Civil Aviation Minister Suresh Prabhu inaugurated the Global Aviation Summit 2019 in Mumbai on Tuesday. The two-day summit, with a theme ‘Flying for all-especially the next 6 Billion’, is being organised by the Ministry of Civil Aviation in association with FICCI. It offers stakeholders an opportunity to explore, deliberate and understand how technology-driven innovations will change air travel in the decades to come. India is the seventh-largest country by area and the second-most populous with over 1.35 billion people. It is one of the fastest growing economies of the world and is likely to become the 5fth largest in 2019. The Indian aviation market is on a high growth path. Total passenger traffic to, from and within India, during Apr-Nov 2018 grew by around 15% year on year as compared to around 6% globally. India is now the seventh largest aviation market with 187 million passengers in FY 2017-18. It is expected to become the third largest by 2022.

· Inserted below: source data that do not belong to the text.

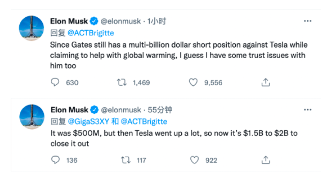 马斯克表示,盖茨一边声称要帮助解决全球变暖问题,一边还“数十亿美元”做空特斯拉,我想我对他有一些信任问题。粉丝询问比尔盖茨的空头头寸如何从“5亿美元”增加到“数十亿美元”,马斯克回应:原来是5亿美元,但后来特斯拉涨了很多,所以现在要花15亿到20亿美元才能了结。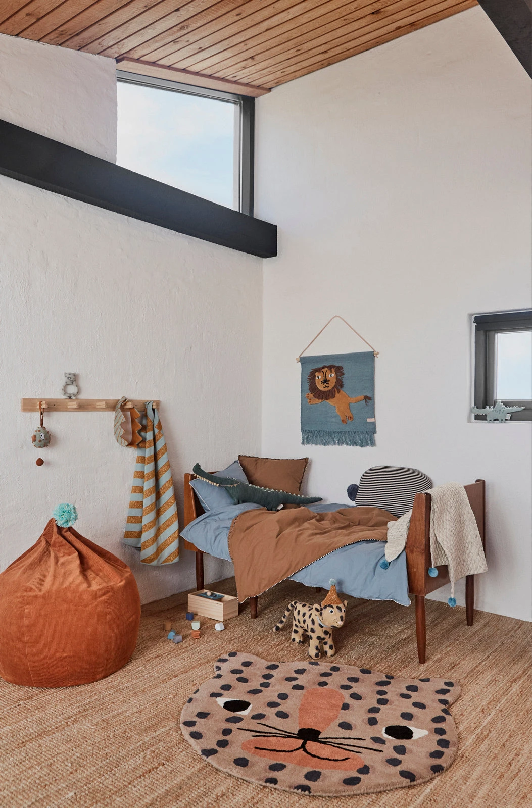 The wall rug with the lion will be a hit in all children’s rooms. The decorative rug is suitable for hanging alone or with other rugs in the series.
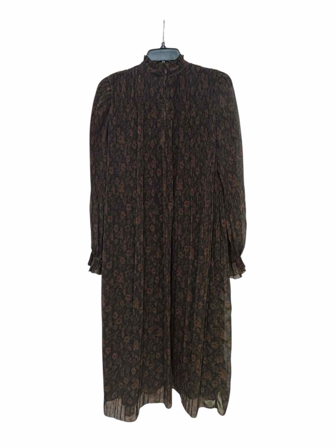 The black and brown tones of this Ganni black/brown Size 36 Dress bring a refined edge to your wardrobe, making it a notable choice in authentic luxury resale. Crafted from lightweight, chiffon-esque polyester, this pre-loved designer piece features sheer sleeves, a high ruffle mock neck, and elegant pleating along the bodice. Ruffled cuffs and a flowing maxi length offer a distinctive silhouette ideal for women’s consignment fashion enthusiasts seeking unique details. Discover carefully curated style from Ganni, designed to complement your collection with versatile texture and timeless design.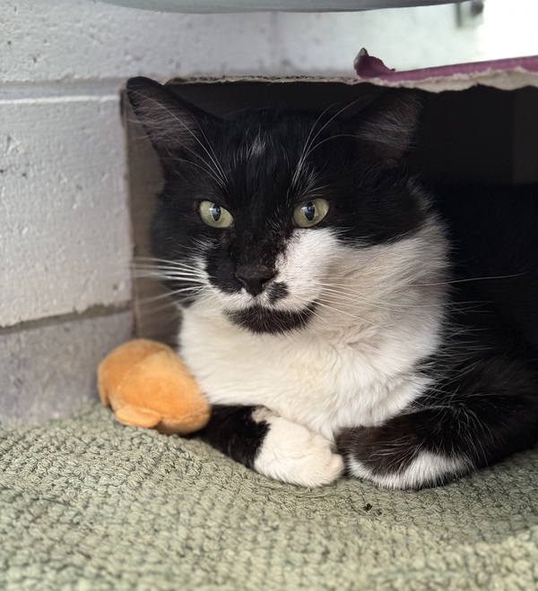 Meet our resident shy guy, Jasper! Jasper is a gentle black and white sweetheart who's hoping to find a calm, quiet home where he can truly blossom. Though shy at first, this soft‑hearted boy rewards patience with tender affection and a loving personality. Jasper will thrive with someone experienced in caring for timid cats and who can give him a few peaceful days to settle into his new home. He'd do best with adults or older teens who understand his sensitive nature, and he may even enjoy living with other friendly cats given slow, thoughtful introductions. Jasper appreciates cozy hideaways, like boxes or cat towers, where he can retreat when the world feels a bit overwhelming, and he's most comfortable keeping all four paws on the ground. With just a little bit of kindness, time, and understanding, Jasper will show you just how sweet he truly is :)

Where the civil aviation industry in india stands today?
- India has become the third-largest aviation market in the world
- The Crisil InfraInvex’s score for the aviation sector has already risen to 6.5 from 6.1 a year ago
- The investment potential for Indian aviation sector is estimated to be around $100 billion over the next 12-15 years
- It is expected to be among the top three countries by 2024 from its current seventh position
- In its latest 20-year forecast for the aviation industry, the International Air Transport Association (IATA) says that air passenger numbers worldwide could double to 8.2 billion in 2037.

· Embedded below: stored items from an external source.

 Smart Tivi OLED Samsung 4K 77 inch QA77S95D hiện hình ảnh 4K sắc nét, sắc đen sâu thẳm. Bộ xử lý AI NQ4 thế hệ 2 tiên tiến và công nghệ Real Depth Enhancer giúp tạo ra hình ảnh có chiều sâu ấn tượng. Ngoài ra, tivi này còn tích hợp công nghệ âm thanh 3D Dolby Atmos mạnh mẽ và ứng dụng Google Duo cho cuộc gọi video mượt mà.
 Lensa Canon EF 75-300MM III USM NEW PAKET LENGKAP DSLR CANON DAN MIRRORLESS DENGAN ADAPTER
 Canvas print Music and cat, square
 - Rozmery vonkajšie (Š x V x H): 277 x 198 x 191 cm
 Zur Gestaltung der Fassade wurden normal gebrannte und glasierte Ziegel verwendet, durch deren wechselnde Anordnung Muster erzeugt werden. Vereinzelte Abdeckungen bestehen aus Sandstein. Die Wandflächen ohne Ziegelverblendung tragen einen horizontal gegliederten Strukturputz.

- While China will climb up one spot to displace the US as the world’s largest aviation market in the mid-2020s, India will take the third place by surpassing the U.K. around 2024, according to the IATA forecast.
- In fact, the Asia-Pacific region is expected to see the fastest growth at the rate of 4.8%, followed by Africa (4.6%) and West Asia (4.4%).
- Even though airlines are growing, but finances are declining due to rise in prices of aviation fuel.
- Aviation is the hen that lays the golden eggs. Thus, it is heavily taxed. By taxing it more, we are killing the hen.
- There is a great competition wrt pricing not only within various airlines but also with other modes of transport. For instance, when the prices of air tickets rise, people switch to railways.
- Indian aviation companies have been unable to balance sustainability and
- No airlines company has been able to formulate a credible currency policy to protect them from exchange rate fluctuation.
- We need cheaper source of finance.
- Pending infrastructural project stifling the growth of civil aviation sector should be executed at a fast pace.
- ATF (aviation turbine fuel) should be brought under GST.
- We should be opening international routes faster for our airlines that are successful.
- The industry stakeholders should collaborate with policy makers for growth of India’s civil aviation industry.